====== RAW DATA

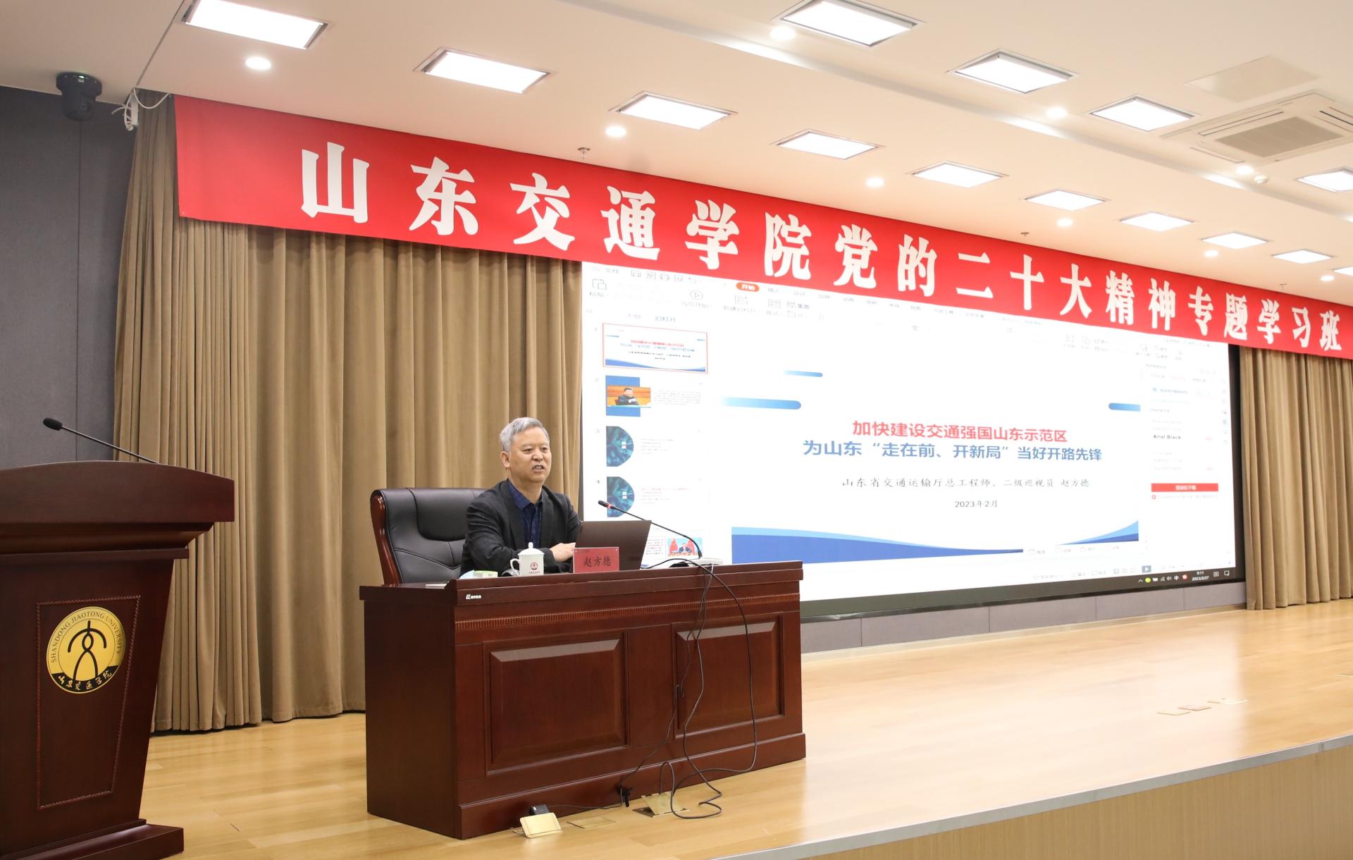 培训期间,山东省交通运输厅二级巡视员、总工程师赵方德为参训学员作了《加快建设交通强国山东示范区,为山东“走在前、开新局”当好开路先锋》辅导报告;中国浦东干部学院教授,长三角研究院副院长赵泉民作了《以中国式现代化全面推进中华民族伟大复兴——学习领会党的二十大精神内涵》辅导报告。学员代表张腾飞、曹凤萍、屈展、高健、张强结合工作实际汇报交流了学习心得体会和思考。
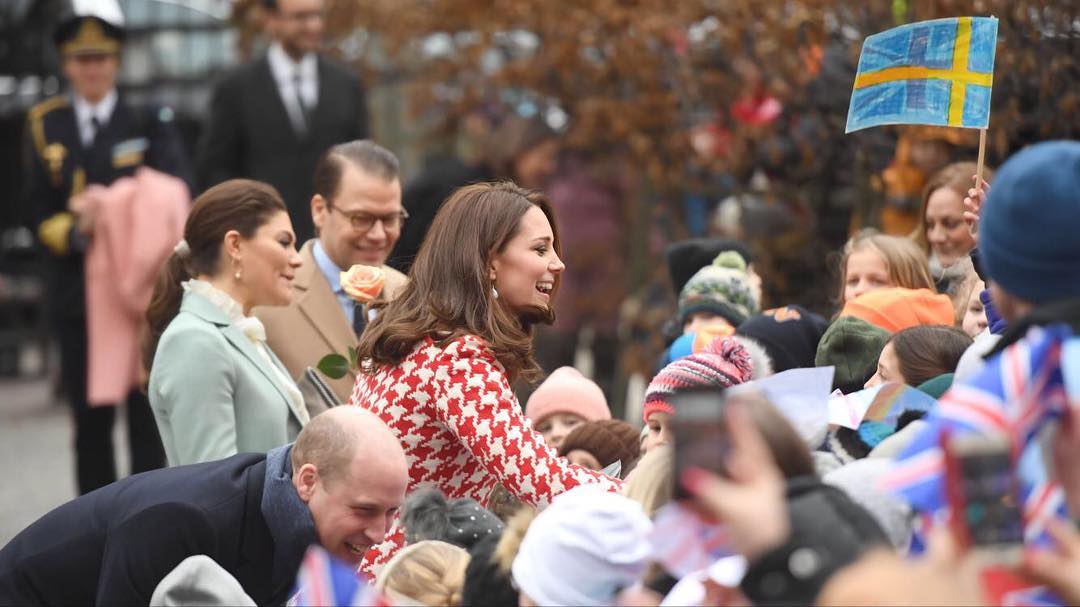 Bastou a duquesa de Cambridge surgir, no segundo dia da sua visita oficial à Suécia, com um casaco com um estampado pied-de-poule vermelho de Catherine Walker para logo a internet se inundar de imagens antigas da princesa Diana.
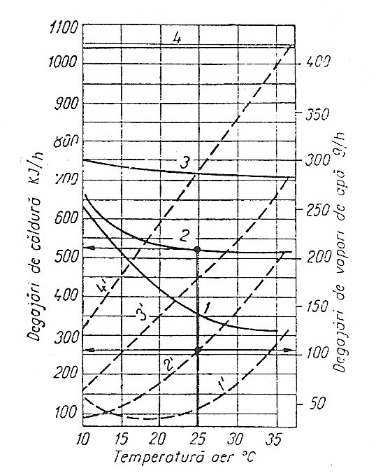Valorile de calcul ale cantitatilor de caldura si vapori de apa degajate de corpul omenesc sunt reprezentate in figura de mai jos:

============

▶ _PROBLEM STATEMENT_:
An exact reproduction of the lines from the line containing "Bastou a duquesa" through the end of the listing above is needed; pictures stay out.

▶ _RESULT BELOW_:
 Bastou a duquesa de Cambridge surgir, no segundo dia da sua visita oficial à Suécia, com um casaco com um estampado pied-de-poule vermelho de Catherine Walker para logo a internet se inundar de imagens antigas da princesa Diana.
Valorile de calcul ale cantitatilor de caldura si vapori de apa degajate de corpul omenesc sunt reprezentate in figura de mai jos:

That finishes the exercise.